Step 4: Create plots of bivariate relationships.

Finally, we plot the bivariate descriptive statistics we just examined.

#creating a function that will plot bivariate relationships of our variables
panel.hist <- function(x, ...)
{
    usr <- par("usr"); on.exit(par(usr))
    par(usr = c(usr[1:2], 0, 1.5) )
    h <- hist(x, plot = FALSE)
    breaks <- h$breaks; nB <- length(breaks)
    y <- h$counts; y <- y/max(y)
    rect(breaks[-nB], 0, breaks[-1], y, col="cyan", ...)
}

#using pairs to create a matrix of scatterplots and our panel.hist function to create a scatterplot matrix of the bivariate relationships between all of our weight measures
pairs(~wght5+wght6+wght7+wght8+wght9+
       wght10+wght11+wght12+wght13+wght14+
       wght15+wght16+wght17+wght18+wght19,
      data=wght_wide1, diag.panel=panel.hist)

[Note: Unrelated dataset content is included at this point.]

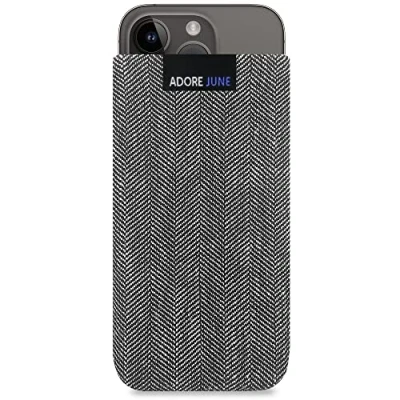 This fabric case was specially developed for the iPhone 15 / iPhone 15 Pro / iPhone 14 / iPhone 14 Pro (6.1") (without bumper or cover) The design is timeless and reduced to the essentials; Design is Adore June's passion, quality the requirement; Designed in Hamburg Protects the iPhone 15 14 / iPhone 15 14 Pro from dust, dirt and scratches; This textile case lets you experience the pleasure of the smartphone in its entirety This pouch is handmade in Europe; Adore June attaches great importance to good materials and high workmanship quality The Business sleeve is composed of a herringbone fabric on the front and black canvas on the back.; The lining is made of soft polar fleece that cleans the display.

#using pairs to create a matrix of scatterplots and our panel.hist function to create a scatterplot matrix of the bivariate relationships between a subset of our weight measures
pairs(~wght5+wght6+wght7+wght8+wght9+wght10, data=wght_wide1, diag.panel=panel.hist)

Conclusion

This tutorial has presented several key steps when beginning data analyses, specifically, setting up data in several formats (long and wide), plotting the data, and obtaining descriptive statistics of the data.